• What you will do:
Write the lines below out exactly, dropping each picture.

• The data:
»»
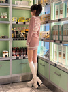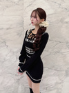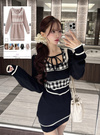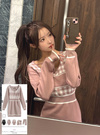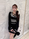 ギンガムチェック柄配色ラインニットミニワンピース[ru1353]
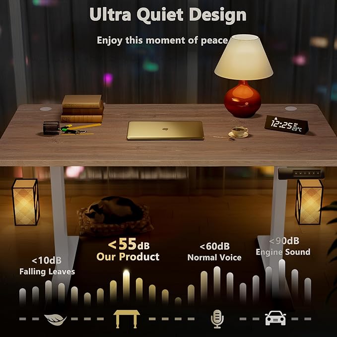 - 【Durable & Quiet Motor】– Designed for peak performance, our electric standing desk boasts a high-quality motor that delivers smooth, quiet height adjustments from 27.9" to 46.8", while the advanced anti-collision system ensures safe operation without interruptions
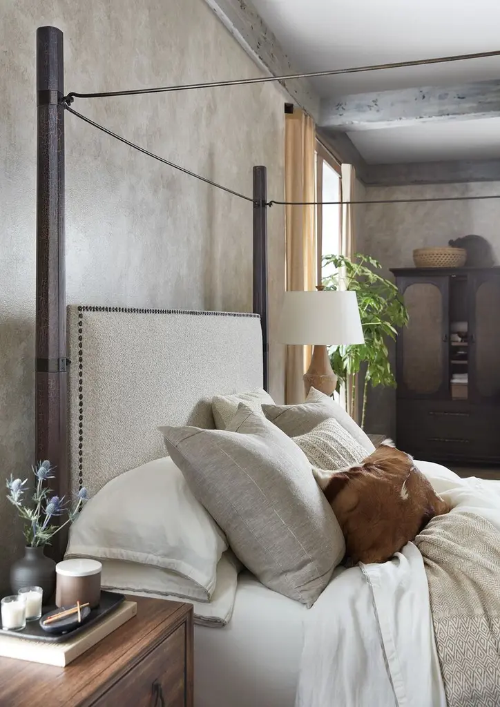 Big Sky Poster Upholstered Linen Canopy Bed, Charred Timber
««
• Exercise result:
 ギンガムチェック柄配色ラインニットミニワンピース[ru1353]
 - 【Durable & Quiet Motor】– Designed for peak performance, our electric standing desk boasts a high-quality motor that delivers smooth, quiet height adjustments from 27.9" to 46.8", while the advanced anti-collision system ensures safe operation without interruptions
 Big Sky Poster Upholstered Linen Canopy Bed, Charred Timber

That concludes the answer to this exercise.